Bug 2025651 - startx fails to start X with the latest glibc in rawhide, xfree86 call to iopl fails. 20211121
Summary: startx fails to start X with the latest glibc in rawhide, xfree86 call to iop...
Keywords:
Status: CLOSED WORKSFORME
Alias: None
Product: Fedora
Classification: Fedora
Component: kernel
Version: rawhide
Hardware: Unspecified
OS: Unspecified
unspecified
unspecified
Target Milestone: ---
Assignee: Kernel Maintainer List
QA Contact: Fedora Extras Quality Assurance
URL:
Whiteboard:
Depends On:
Blocks:
TreeView+ depends on / blocked
 
Reported: 2021-11-22 17:03 UTC by stan
Modified: 2021-12-23 18:04 UTC (History)
31 users (show)

Fixed In Version:
Clone Of:
Environment:
Last Closed: 2021-12-23 18:04:14 UTC
Type: Bug
Embargoed:


Attachments (Terms of Use)
These are the packagse that were updated just before the error happened. (25.17 KB, text/plain)
2021-11-22 17:05 UTC, stan
no flags Details
This is the complete xorg log file that ended with the backtrace from a segmentation fault. (15.79 KB, text/plain)
2021-11-25 17:09 UTC, stan
no flags Details

Description stan 2021-11-22 17:03:46 UTC
Description of problem:  After the updates yesterday in rawhide, I cannot use startx to start an LXDE session.  So, I update from multiuser using dnf.  There had been no updates to rawhide for many days, and 20211121 saw 271 updates, 775 MB.  After the update completed, I used the script that I have used for many years to start LXDE.  It failed.
The command that is causing the lockup is
startx -- vt10
with
exec startlxde 
in ~/.Xclients

The error is 
xf86EnableIOPorts: failed to set IOPL for I/O (Operation not permitted)
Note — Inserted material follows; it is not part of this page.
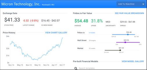 Micron Technology's shares last traded at $41.33 as of Thursday, October 19, approximately 98.2% of its 52 week high. The stock is up 81% year-to-date while finbox.io's six separate valuation analyses imply that there's still another 31.8% upside.
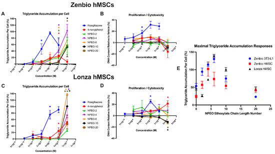 - Kassotis, C.D.; Kollitz, E.M.; Ferguson, P.L.; Stapleton, H.M. Nonionic ethoxylated surfactants induce adipogenesis in 3T3-L1 cells. Toxicol. Sci. 2018, 162, 124–136. [Google Scholar] [CrossRef] [PubMed]

Version-Release number of selected component (if applicable):
xorg-x11-server 1.20.11-2.fc35
I have since downloaded the src.rpm and rebuilt and re-installed the package on rawhide without any change.

How reproducible:
every time


Steps to Reproduce:
1. Update rawhide to latest available packages
2. Try to start X with the above command
3. Error.

I tried starting Gnome and KDE with startx, and both failed also.

Actual results:
*** Replacing existing ~/.Xclients or creating new one.
Starting X with LXDE...
xauth:  file /home/stan/.serverauth.3347 does not exist
xauth: (stdin):2:  unknown command "0a4862ba6b1a93c3728819b71229a730"


X.Org X Server 1.20.11
X Protocol Version 11, Revision 0
Build Operating System:  5.12.13-300.fc34.x86_64
Current Operating System: Linux fedora 5.15.0-60.20211107.fc36.x86_64 #1 SMP PREEMPT Sun Nov 7 08:47:47 MST 2021 x86_64
Kernel command line: BOOT_IMAGE=/boot/vmlinuz-5.15.0-60.20211107.fc36.x86_64 root=/dev/sdb10
Build Date: 23 July 2021  12:00:00AM
Build ID: xorg-x11-server 1.20.11-2.fc35
Current version of pixman: 0.40.0
        Before reporting problems, check http://wiki.x.org
                to make sure that you have the latest version.
                Markers: (--) probed, (**) from config file, (==) default setting,
                        (++) from command line, (!!) notice, (II) informational,
                                (WW) warning, (EE) error, (NI) not implemented, (??) unknown.
                                (==) Log file: "/home/stan/.local/share/xorg/Xorg.0.log", Time: Sun Nov 21 10:52:24 2021
                                (==) Using config directory: "/etc/X11/xorg.conf.d"
                                (==) Using system config directory "/usr/share/X11/xorg.conf.d"
                                xf86EnableIOPorts: failed to set IOPL for I/O (Operation not permitted)(II) [KMS] Kernel modesetting enabled.xinit: giving up
                                                                                                                                                             xinit: unable to connect to X server: Connection refused
                                                                                                                                                                                                                                                                                                                                                  xinit:
                                                                                                                                                                                                                                                                                                                                                  server
                                                                                                                                                                                                                                                                                                                                                  error

Expected results:
X starts

Additional info:

From hw/xfree86/os-support/linux/lnx_video.c

<code>

static Bool
hwEnableIO(void)
{
    if (ioperm(0, 1024, 1) || iopl(3)) {
        ErrorF("xf86EnableIOPorts: failed to set IOPL for I/O (%s)\n",
               strerror(errno));
        return FALSE;
    }
#if !defined(__alpha__)
    /* XXX: this is actually not trapping anything because of iopl(3)
     * above */
    ioperm(0x40, 4, 0);         /* trap access to the timer chip */
    ioperm(0x60, 4, 0);         /* trap access to the keyboard
controller */ #endif

    return TRUE;
}

</code>

The iopl call is from <sys/io.h> in glibc.  So is the ioperm call.
Since glibc was updated just before the problem, it is a good place to
start.  It might be that something else has disallowed permissions for
this call.  The man page says it is 

iopl() changes the I/O privilege level of the calling process, as
specified by the two least significant bits in level.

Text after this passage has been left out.